Иосиф (Эдуард) Иосифович Котек приехал в Москву с Украины, отец его был чех, мать полька. В пятнадцать лет он поступил в консерваторию, учился у Федора Лауба и Ивана Гржимали по классу скрипки и у Чайковского по классу теории музыки, возглавлял квартет студентов. По окончании учебы в
1876 году он был рекомендован Николаем Рубинштейном в качестве учителя музыки в семью фон Мекк. Котек был «молодым человеком, чрезвычайно привлекательной внешности, несмотря на неправильность черт лица — добродушный, увлекающийся, одаренный большой музыкальностью и еще большим талантом виртуоза, — вспоминал Модест Ильич в биографии брата. — С первого времени поступления в класс Петра Ильича он обращал внимание последнего своей симпатичностью… и вскоре стал любимцем своего учителя. Этому немало способствовало восторженное отношение молодого человека к произведениям Петра Ильича и проявление глубокой привязанности к его личности. У профессора и ученика установились дружеские отношения, которые продолжались и вне стен консерватории».
Второго января 1877 года композитор писал Модесту: «Да еще, братец, частехонько бывает у меня (и Ваш он тоже знакомый) г. Котек, которого очень и очень я долюбливаю». Замечание о том, что Котек «и Ваш тоже знакомый», предполагает начало отношений Котека и с Модестом. 19 января Модест получил от брата следующее, во многих отношениях примечательное письмо об этом юноше и вызванных им любовных переживаниях, заслуживающее быть здесь приведенным полностью: «Милый Модя! Благодарю за прекрасное письмо, полученное нa прошлой неделе. Сел тебе писать, ибо ощущаю потребность излить свои чувства в сочувственную душу. Кому как не тебе поведать сладкую тайну моего сердца! Я влюблен, как давно уж не был влюблен. Догадайся в кого? Он среднего роста, белокур, имеет чудные коричневые (с туманной поволокой, свойственной сильно близоруким людям) глаза. Он носит pince-nez (пенсне. — А П), а иногда очки, чего я терпеть не могу. Одевается он очень тщательно и чисто, носит толстую золотую цепочку, и всегда хорошенькие из благородного металла запонки. Рука у него небольшая, но совершенно идеальная по форме (я говорю: но, потому что не люблю маленьких рук). Она столь восхитительна, что я охотно прощаю ей некоторые искажения и некрасивые подробности, происходящие от частого соприкосновения кончика пальцев к струнам. Говорит он сильно в нос, причем в тембре голоса звучит ласковость и сердечность. Акцент у него слегка южнорусский и даже польский, ибо он родился и провел детство в Стороне польской. Но этот акцент в течение 6-летнего пребывания в Москве сильно омосквичился. В сумме, т. е., сложивши этот акцент с ласковостью голосового тембра и прелестными губками, на которых начинают вырастать пушисто-белокурые усики, получается что-то восхитительное. Он очень неглуп, очень талантлив к музыке и одарен вообще натурой изящной, далекой от всякой пошлости и сальности…

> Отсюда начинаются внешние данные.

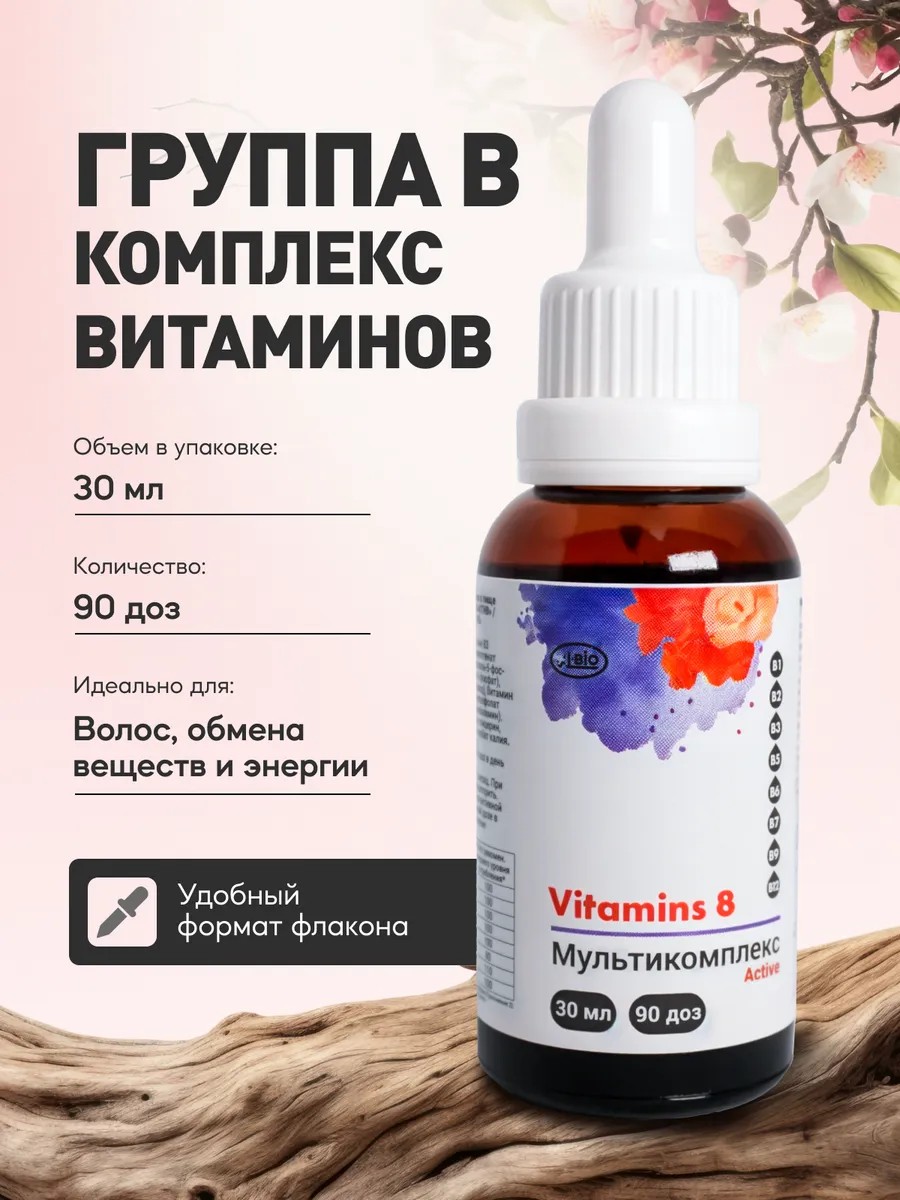 | Комплектация | Витамины группы B1, B2, B3, B5, B6, B7, B9, B12 Мультикомплекс Актив А-БИО, 30 мл |

Я его знаю уже 6 лет. Он мне всегда нравился, и я уже несколько раз понемножку влюблялся в него. Это были разбеги моей любви. Теперь я разбежался и втюрился самым окончательным образом. Не могу сказать, чтоб моя любовь была совсем чиста. Когда он ласкает меня рукой, когда он лежит, склонивши голову на мою грудь, а я перебираю рукой его волосы и тайно целую их, когда по целым часам я держу его руку в своей и изнемогаю в борьбе с поползновением упасть к его ногам и поцеловать эти ножки, — (маленькие и изящные) — страсть бушует во мне с невообразимой силой, голос мой дрожит, как у юноши, и я говорю какую-то бессмыслицу. Однако же я далек от желания телесной связи. Я чувствую, что, если б это случилось, я охладел бы к нему. Мне было бы противно, если б этот чудный юноша унизился до совокупления с состарившимся и толстобрюхим мужчиной. Как это было бы отвратительно и как сам себе сделался бы гадок! Этого не нужно.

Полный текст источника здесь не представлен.